Combustion noise has become an aspect of great importance for engine manufacturers due to its impact on the customers' comfort and health. Furthermore, the increasingly important contribution of turbocharger noise in downsized engines aggravates this problem due to the increment of the compression ratios required. Limitations on the experimental techniques have led to develop numerical methodologies for analyzing and understanding both noise sources and their effects on the acoustic field. However, the complex phenomena associated to the noise generation compromise the accuracy of these approaches, and represent a challenge in the field of the Computational Fluid Dynamics (CFD) modelling. This paper presents a CFD methodology for assessing Diesel combustion as a noise source in compression ignition engines. The model is validated by simulating a steady operation condition at medium speed and medium load, and positive results are obtained in both temporal and frequency domains. Moreover, it allows predicting the main combustion related parameters and the metrics associated to the external acoustic field as well.

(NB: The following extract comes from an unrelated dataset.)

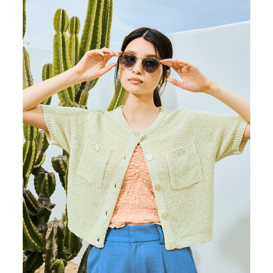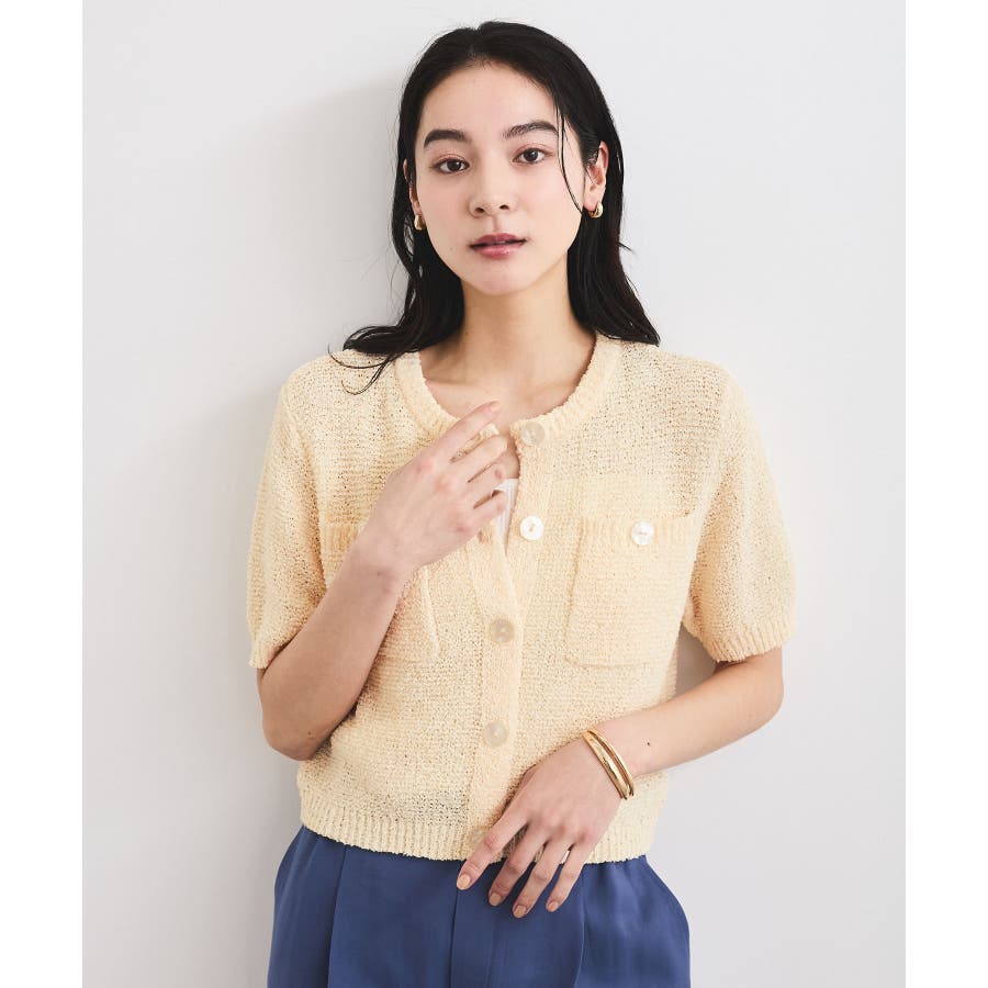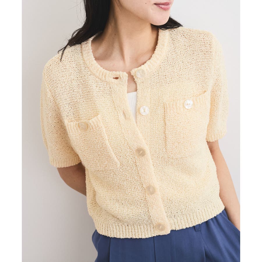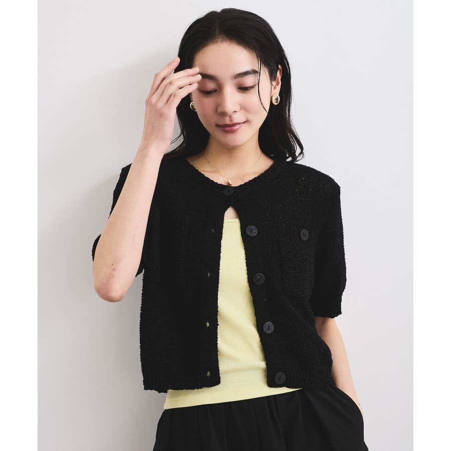 コンパクトなシルエットでどんなボトムにも合わせやすく、プルオーバーとしても着用可能なハーフスリーブカーディガン。

The simulation results shed some light on the most dominant processes in the noise generation and its propagation inside the combustion chamber. The paper also includes a sensitivity study of the main operation settings (split between pilot injections, exhaust gas recirculation, intake and injection pressure) obtained by using a Design of Experiments (DoE) approach. In addition to determining the most convenient operation strategy, this technique is extremely useful to establish cause/effect relationships between the inputs (combustion settings) and outputs (noise source). Results show that by increasing the split between the two pilots and decreasing the gap between the second pilot and the main injection, it is possible to reduce the noise emissions, while improving the indicated efficiency. Additionally, the increase of the intake pressure improves the traditional trade-off trend between combustion noise and efficiency.